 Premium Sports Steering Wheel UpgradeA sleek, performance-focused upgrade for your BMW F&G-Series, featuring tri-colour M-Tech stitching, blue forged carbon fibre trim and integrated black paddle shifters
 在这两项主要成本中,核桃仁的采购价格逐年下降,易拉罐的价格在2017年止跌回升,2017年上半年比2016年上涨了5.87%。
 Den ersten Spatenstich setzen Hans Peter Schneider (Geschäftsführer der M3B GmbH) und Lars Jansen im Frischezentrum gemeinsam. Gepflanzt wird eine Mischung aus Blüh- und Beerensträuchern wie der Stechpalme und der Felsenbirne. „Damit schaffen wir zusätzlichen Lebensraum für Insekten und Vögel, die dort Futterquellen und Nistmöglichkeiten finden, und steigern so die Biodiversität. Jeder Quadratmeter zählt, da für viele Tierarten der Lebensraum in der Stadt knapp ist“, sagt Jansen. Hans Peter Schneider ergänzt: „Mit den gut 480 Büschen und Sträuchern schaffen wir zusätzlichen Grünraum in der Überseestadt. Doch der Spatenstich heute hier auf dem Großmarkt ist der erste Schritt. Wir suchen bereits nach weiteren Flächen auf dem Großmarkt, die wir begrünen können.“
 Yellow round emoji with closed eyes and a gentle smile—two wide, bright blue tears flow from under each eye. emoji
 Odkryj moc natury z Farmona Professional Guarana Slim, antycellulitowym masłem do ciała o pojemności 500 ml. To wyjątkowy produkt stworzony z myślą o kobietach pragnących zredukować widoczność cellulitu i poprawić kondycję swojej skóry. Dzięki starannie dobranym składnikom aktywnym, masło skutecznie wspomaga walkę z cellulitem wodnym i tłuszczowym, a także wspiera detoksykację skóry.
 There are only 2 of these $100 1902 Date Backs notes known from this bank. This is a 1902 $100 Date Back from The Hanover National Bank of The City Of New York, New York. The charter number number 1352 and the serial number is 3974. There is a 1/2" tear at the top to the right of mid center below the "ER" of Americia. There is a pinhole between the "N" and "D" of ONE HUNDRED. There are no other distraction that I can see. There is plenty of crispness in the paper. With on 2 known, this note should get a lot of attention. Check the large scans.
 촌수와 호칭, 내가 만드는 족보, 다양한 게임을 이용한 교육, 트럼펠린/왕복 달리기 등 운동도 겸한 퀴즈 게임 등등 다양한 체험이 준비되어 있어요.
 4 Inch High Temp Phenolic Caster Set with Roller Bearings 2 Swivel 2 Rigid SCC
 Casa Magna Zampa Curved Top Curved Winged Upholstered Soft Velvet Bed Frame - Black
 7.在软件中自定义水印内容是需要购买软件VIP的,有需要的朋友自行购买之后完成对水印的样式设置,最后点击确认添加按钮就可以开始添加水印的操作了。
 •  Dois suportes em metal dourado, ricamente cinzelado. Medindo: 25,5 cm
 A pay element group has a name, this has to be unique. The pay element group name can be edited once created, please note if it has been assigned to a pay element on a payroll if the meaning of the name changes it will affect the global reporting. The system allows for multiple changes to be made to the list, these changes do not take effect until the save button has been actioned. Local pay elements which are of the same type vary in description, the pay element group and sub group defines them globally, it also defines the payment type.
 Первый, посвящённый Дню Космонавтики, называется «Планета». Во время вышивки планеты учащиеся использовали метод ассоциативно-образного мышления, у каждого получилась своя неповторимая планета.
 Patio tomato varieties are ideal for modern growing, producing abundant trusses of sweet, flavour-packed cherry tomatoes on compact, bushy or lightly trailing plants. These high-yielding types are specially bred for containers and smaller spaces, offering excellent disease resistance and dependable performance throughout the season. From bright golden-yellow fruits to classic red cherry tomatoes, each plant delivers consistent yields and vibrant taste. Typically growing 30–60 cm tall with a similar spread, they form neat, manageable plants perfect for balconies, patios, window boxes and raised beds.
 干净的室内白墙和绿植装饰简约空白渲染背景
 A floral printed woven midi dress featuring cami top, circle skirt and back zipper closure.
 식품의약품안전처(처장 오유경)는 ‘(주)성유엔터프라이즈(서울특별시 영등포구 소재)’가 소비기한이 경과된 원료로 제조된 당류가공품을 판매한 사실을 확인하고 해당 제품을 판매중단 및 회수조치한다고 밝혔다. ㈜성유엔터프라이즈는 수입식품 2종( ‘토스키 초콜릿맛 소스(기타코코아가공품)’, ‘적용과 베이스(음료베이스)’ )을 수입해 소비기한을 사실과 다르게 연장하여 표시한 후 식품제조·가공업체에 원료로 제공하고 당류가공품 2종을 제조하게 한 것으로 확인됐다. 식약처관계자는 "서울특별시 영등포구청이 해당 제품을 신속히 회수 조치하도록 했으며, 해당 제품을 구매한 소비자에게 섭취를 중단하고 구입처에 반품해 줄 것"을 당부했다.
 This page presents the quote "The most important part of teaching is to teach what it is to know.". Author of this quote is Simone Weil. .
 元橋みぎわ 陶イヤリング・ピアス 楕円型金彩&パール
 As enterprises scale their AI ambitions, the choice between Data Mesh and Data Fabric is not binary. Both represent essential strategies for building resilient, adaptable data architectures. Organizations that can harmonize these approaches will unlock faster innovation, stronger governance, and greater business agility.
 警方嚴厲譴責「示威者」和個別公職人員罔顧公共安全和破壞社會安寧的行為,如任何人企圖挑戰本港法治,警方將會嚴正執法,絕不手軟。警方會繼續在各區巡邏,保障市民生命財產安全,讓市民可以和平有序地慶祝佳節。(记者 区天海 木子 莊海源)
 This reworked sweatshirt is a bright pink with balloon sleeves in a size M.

——————

- _PROBLEM STATEMENT_
Each line from the top of the material above, through the one that contains "Yellow round emoji", should be restated word for word.

- _RESPONSE_
 Premium Sports Steering Wheel UpgradeA sleek, performance-focused upgrade for your BMW F&G-Series, featuring tri-colour M-Tech stitching, blue forged carbon fibre trim and integrated black paddle shifters
 在这两项主要成本中,核桃仁的采购价格逐年下降,易拉罐的价格在2017年止跌回升,2017年上半年比2016年上涨了5.87%。
 Den ersten Spatenstich setzen Hans Peter Schneider (Geschäftsführer der M3B GmbH) und Lars Jansen im Frischezentrum gemeinsam. Gepflanzt wird eine Mischung aus Blüh- und Beerensträuchern wie der Stechpalme und der Felsenbirne. „Damit schaffen wir zusätzlichen Lebensraum für Insekten und Vögel, die dort Futterquellen und Nistmöglichkeiten finden, und steigern so die Biodiversität. Jeder Quadratmeter zählt, da für viele Tierarten der Lebensraum in der Stadt knapp ist“, sagt Jansen. Hans Peter Schneider ergänzt: „Mit den gut 480 Büschen und Sträuchern schaffen wir zusätzlichen Grünraum in der Überseestadt. Doch der Spatenstich heute hier auf dem Großmarkt ist der erste Schritt. Wir suchen bereits nach weiteren Flächen auf dem Großmarkt, die wir begrünen können.“
 Yellow round emoji with closed eyes and a gentle smile—two wide, bright blue tears flow from under each eye. emoji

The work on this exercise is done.